To identify hypomethylated DMCs, a one-tailed t-test is used to rule out the null hypothesis: μgroup1 ≥ μgroup2, where μgroup1 is the mean methylation within the lowest group 1 quintile (or another percentile as specified by the minSubgroupFrac parameter) and μgroup2 is the mean within the lowest group 2 quintile. Raw p-values are adjusted for multiple hypothesis testing using the Benjamini-Hochberg method, and probes are selected when they had adjusted p-value less than 0.01 (which can be configured using the pvalue parameter). For additional stringency, probes are only selected if the methylation difference: Δ = μgroup1 − μgroup2 was greater than 0.3. The same method is used to identify hypermethylated DMCs, except we use the upper quintile, and the opposite tail in the t-test is chosen.
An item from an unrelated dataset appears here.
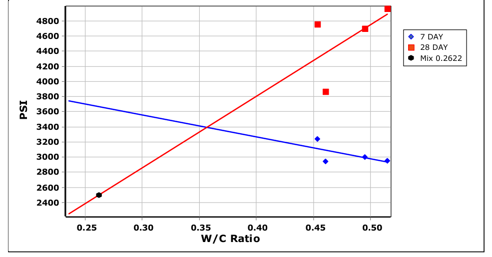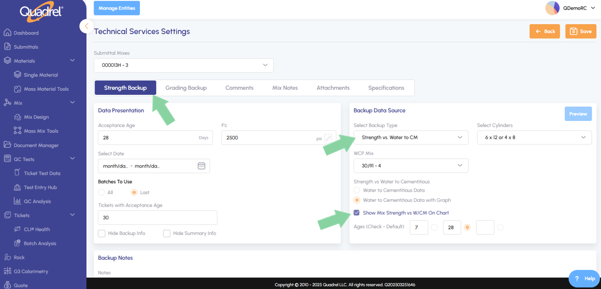 Technical service settings will load, and users can select the backup type "Strength vs. Water to CM" backup type, also known as the 3-point curve. The new feature is the checkbox "Show Mix Strength vs W/CM On Chart" to graph this data in submittal reports.

Source: Yao, Lijing, et al. “Inferring regulatory element landscapes and transcription factor networks from cancer methylomes.” Genome biology 16.1 (2015): 105. Yao, Berman, and Farnham (2015)

Function arguments

Main get.diff.meth arguments
Argument Description
data A multiAssayExperiment with DNA methylation and Gene Expression data. See createMAE function.
diff.dir A character can be “hypo”, “hyper” or “both”, showing differential methylation dirction. It can be “hypo” which is only selecting hypomethylated probes (one tailed test); “hyper” which is only selecting hypermethylated probes (one tailed test); or “both” which are probes differenly methylated (two tailed test).
minSubgroupFrac A number ranging from 0 to 1,specifying the fraction of extreme samples from group 1 and group 2 that are used to identify the differential DNA methylation. The default is 0.2 because we typically want to be able to detect a specific (possibly unknown) molecular subtype among tumor; these subtypes often make up only a minority of samples, and 20% was chosen as a lower bound for the purposes of statistical power. If you are using pre-defined group labels, such as treated replicates vs. untreated replicated, use a value of 1.0 (Supervised mode)
pvalue A number specifies the significant P value (adjusted P value by BH) cutoff for selecting significant hypo/hyper-methylated probes. Default is 0.01
group.col A column defining the groups of the sample. You can view the available columns using: colnames(MultiAssayExperiment::colData(data)).
group1 A group from group.col. ELMER will run group1 vs group2. That means, if direction is hyper, get probes hypermethylated in group 1 compared to group 2.
group2 A group from group.col. ELMER will run group1 vs group2. That means, if direction is hyper, get probes hypermethylated in group 1 compared to group 2.
sig.dif A number specifies the smallest DNA methylation difference as a cutoff for selecting significant hypo/hyper-methylated probes. Default is 0.3.

Example of use

mae <- get(load("mae.rda"))

sig.diff <- get.diff.meth(
  data = mae, 
  group.col = "definition",
  group1 =  "Primary solid Tumor",
  group2 = "Solid Tissue Normal",
  minSubgroupFrac = 0.2, # if supervised mode set to 1
  sig.dif = 0.3,
  diff.dir = "hypo", # Search for hypomethylated probes in group 1
  cores = 1, 
  dir.out ="result", 
  pvalue = 0.01
)
head(sig.diff)  %>% datatable(options = list(scrollX = TRUE))
# get.diff.meth automatically save output files. 
# - getMethdiff.hypo.probes.csv contains statistics for all the probes.
# - getMethdiff.hypo.probes.significant.csv contains only the significant probes which
# is the same with sig.diff
# - a volcano plot with the diff mean and significance levels
dir(path = "result", pattern = "getMethdiff")  
## [1] "getMethdiff.hypo.probes.csv"            
## [2] "getMethdiff.hypo.probes.significant.csv"

Bibliography

Yao, Lijing et al. 2015. “Inferring Regulatory Element Landscapes and Transcription Factor Networks from Cancer Methylomes.” Genome Biology 16 (1): 105.
Yao, Lijing, Benjamin P Berman, and Peggy J Farnham. 2015. “Demystifying the Secret Mission of Enhancers: Linking Distal Regulatory Elements to Target Genes.” Critical Reviews in Biochemistry and Molecular Biology 50 (6): 550–73.